Its adjusted results excluding the charges beat Wall Street expectations, and its shares rose almost three per cent in pre-market trading. Its insurance business showed improvement.
American International Group Inc., which was rescued by the government during the financial meltdown, said its net loss attributable to common shareholders amounted to $3.96 per share. It had a profit of $311 million, or $2.30 per share, a year ago.
The net loss attributable to AIG was a larger $2.66 billion. That is much bigger than the $538 million loss attributed to its shareholders, because it includes the portion that the government is shouldering. The government owns 80 per cent of AIG.
Removing the charges, AIG earned $1.99 per share, up from $1.71 per share last year. That reflected improved performance in its insurance business, despite heavy claims related to the Gulf of Mexico oil rig explosion and subsequent spill, storms and flooding in the U.S. during the quarter and the Icelandic volcano.
Analysts polled by Thomson Reuters, on average, expected profit of 99 cents per share.
The company’s overall loss reflected $3.42 billion in charges related to the sale of its American Life Insurance Co. unit, or Alico, and its Nan Shan Life Insurance Co.

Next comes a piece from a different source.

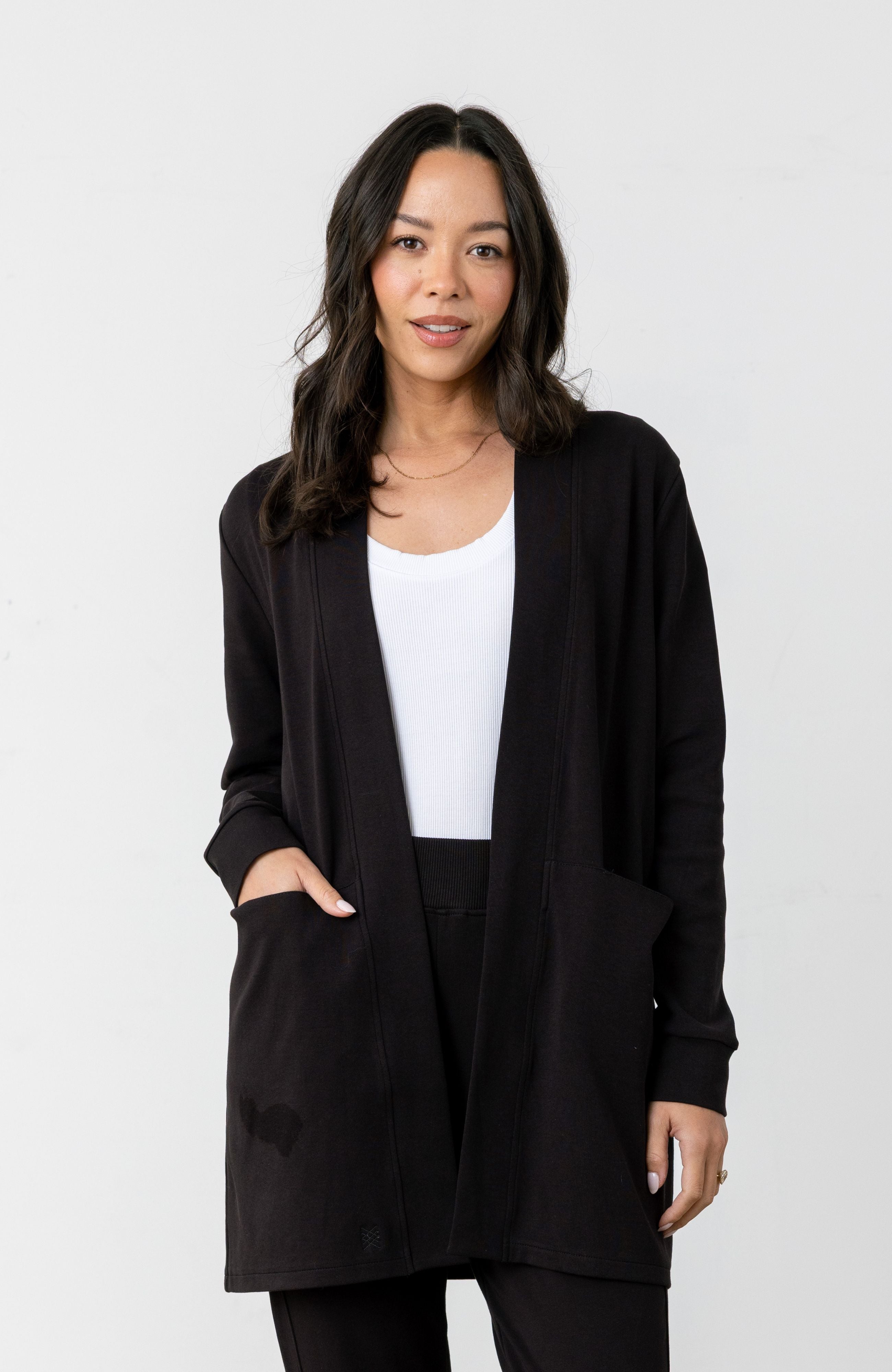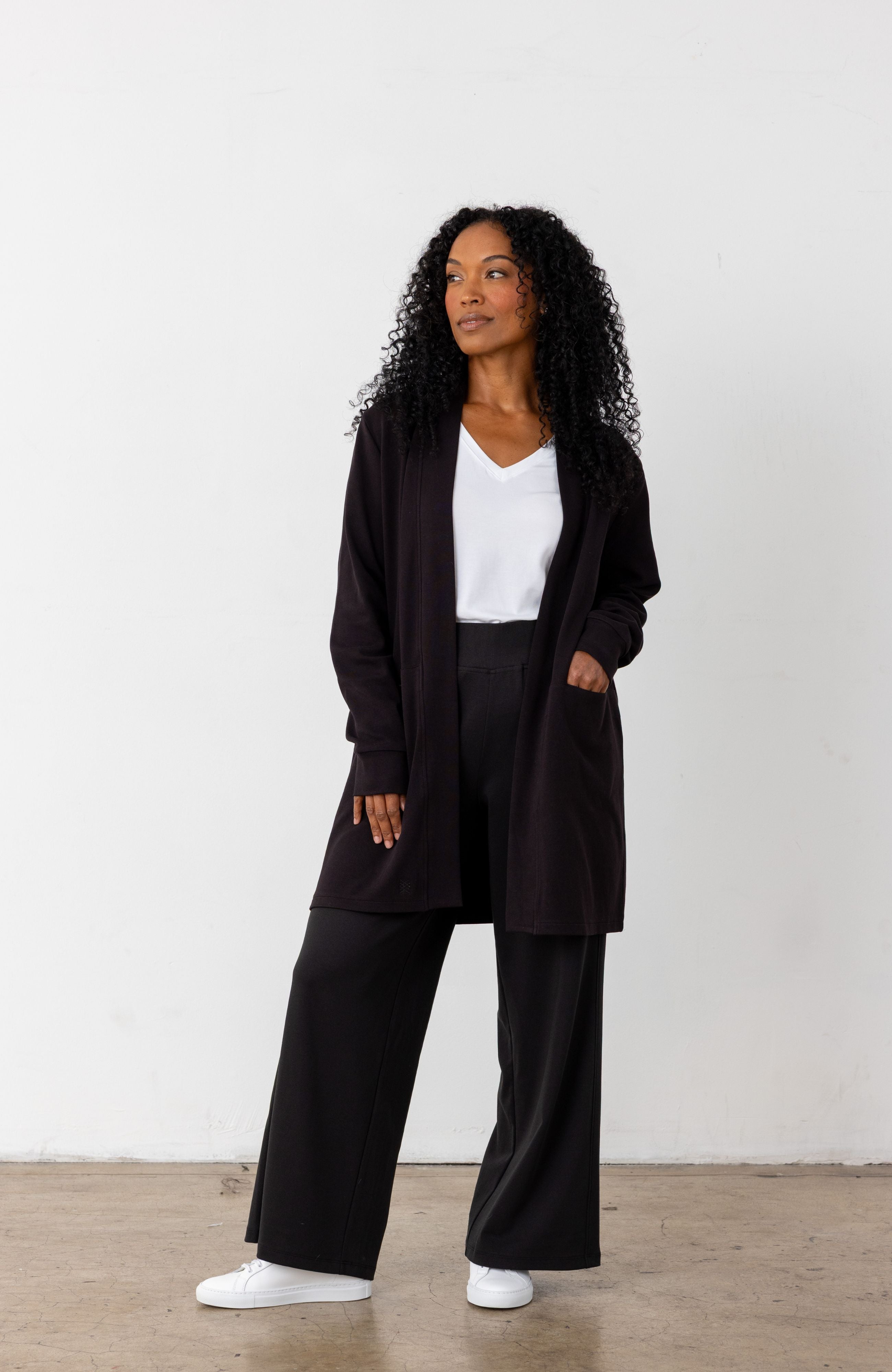 The Cardigan and Wide Leg Pant Travel Set - Black

Both are in the process of being sold to help pay back some of the $180 billion in federal bailout funds the company received in late 2008. The Alico sale to MetLife Inc. should close by the end of the year.
The company said in July it will conduct an initial public offering of AIA, its Asian life insurance unit, on the Hong Kong Stock Exchange, after the sale of the company to Britain’s Prudential PLC fell through.
AIG also reported $755 million in interest and other charges on its emergency line of credit from the Federal Reserve Bank of New York. That was down from $1.4 billion last year, due mainly to a reduction in the balance of the loan, which stood at $26.5 billion on June 30.
The total amount of outstanding government assistance fell slightly during the second quarter to $132.1 billion, not including the emergency line of the credit.
In prerecorded remarks, President and CEO Bob Benmosche said when the sale of Alico and the AIA IPO are completed, AIG will have paid back most of what it owes to the Fed.
AIG no longer holds a conference call to discuss quarterly results. Benmosche said in the recording that the company’s insurance businesses were profitable, posting income of $2.2 billion for the quarter.
When the restructuring is complete, Benmosche said, the company will have two main businesses, Chartis insurance and SunAmerica Financial Group, its U.S. life insurance and retirement unit.
Chartis posted operating income of $955 million. Chartis incurred about $287 million in catastrophe losses during the quarter, with claims related to floods in the Southeastern U.S., Hurricane Alex and other storms, the Icelandic volcano and the Deepwater Horizon explosion and oil spill in the Gulf of Mexico.
SunAmerica posted operating income of $1.1 billion, up from $254 million last year.